トランプ第二次政権において、「報復税(内国歳入法899条項(案))」が打ち出された。これは、本書第III部「OECDによるデジタル課税」につながる。米国のバイデン前政権は最低法人税率を15%とする国際課税ルールに賛成したが、トランプ政権はこの新たな国際課税ルールに反発しその対抗策として「報復税」を検討した。「報復税」とは、その名の通り米国に対して差別的・不公平な税を課す国の企業および個人に対して追加課税するというものである。その後G7の合意により、新たな国際課税ルールから米国企業を排除することとし、米国も報復税を撤回した。現在議論されているデジタル課税の対象となる企業の多くは米国多国籍企業であり、自国第一主義を掲げるトランプ政権においては新たな国際課税ルールは米国の課税権を奪うものとして認められないとする姿勢を示している。
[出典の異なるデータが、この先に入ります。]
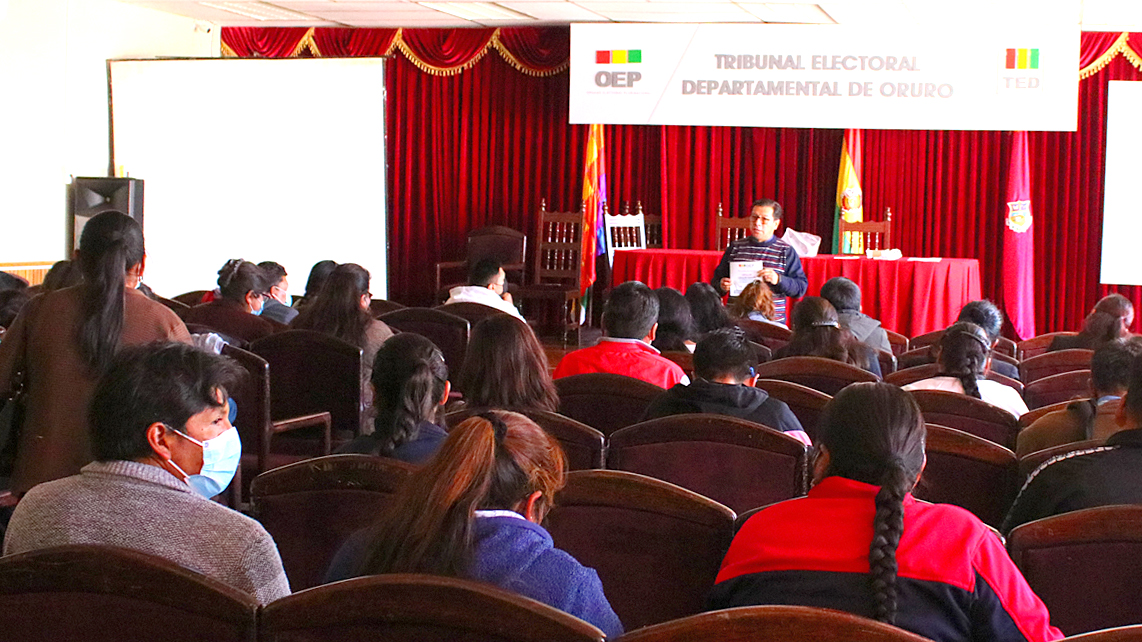 A 29 días de los comicios, 97 maestras y maestros de los municipios de Eucaliptus, Soracachi, Toledo, Santiago de Andamarca, Pazña, Corque, Machacamarca, Poopó, Huanuni, Huachacalla, Caracollo y Oruro se capacitan de manera presencial para fortalecer el proceso de elección de los gobiernos estudiantiles, informó la vocal del área del Sifde del Tribunal Electoral Departamental (TED) Oruro, Amelia Gutiérrez.

このような最新のトピックも検討するにあたっては、その背景を理解することは重要であろう。本書は、長年にわたり国際税務を中心とした税制を研究してきた著者が、『日本・国際税務発展史』『日本・税務会計形成史』『税務会計基礎概念史』『日本・租税条約発展史』に続き上梓したものである。その豊富な知識と経験が、本書随所にみられる。特に、第IV部「国連国際租税協力枠組み条約の台頭」は、出色の出来である。国際課税分野における情報を歴史的にも網羅的にも収集し研究してきた筆者ならではの視点で、縦断的・横断的に整理され、将来に向けた検討が加えられている。
さて、本書は、そのタイトルにあるとおり、電子商取引とデジタル課税をそれぞれ定義し分けて時系列整理されている。電子商取引について我が国の最近の例では、2026年にむけて約束手形の利用廃止・小切手の電子化が挙げられる。「紙」「手書き」でしか対応できなかった時代から50年足らずで「紙」も「手書き」も無くなるとは誰も予想できなかったであろう。さらに、コンピュータ・インターネットの進化は、ビジネスの主戦場を物の移動からデータ取引へ移行させ、巨大多国籍企業を生み出した。このようなコンピュータ・インターネットの発展をめぐる環境の変化の速さや複雑さに、法規制はその対応に苦慮しながら後追いしている。
本書は、時系列に主要なトピックごとに章立てがなされており、理解しやすい構成となっている。研究者だけでなく、企業や実務家にとっても総覧として必読の書ということができる。ぜひ本書を手元に置いていただきたい。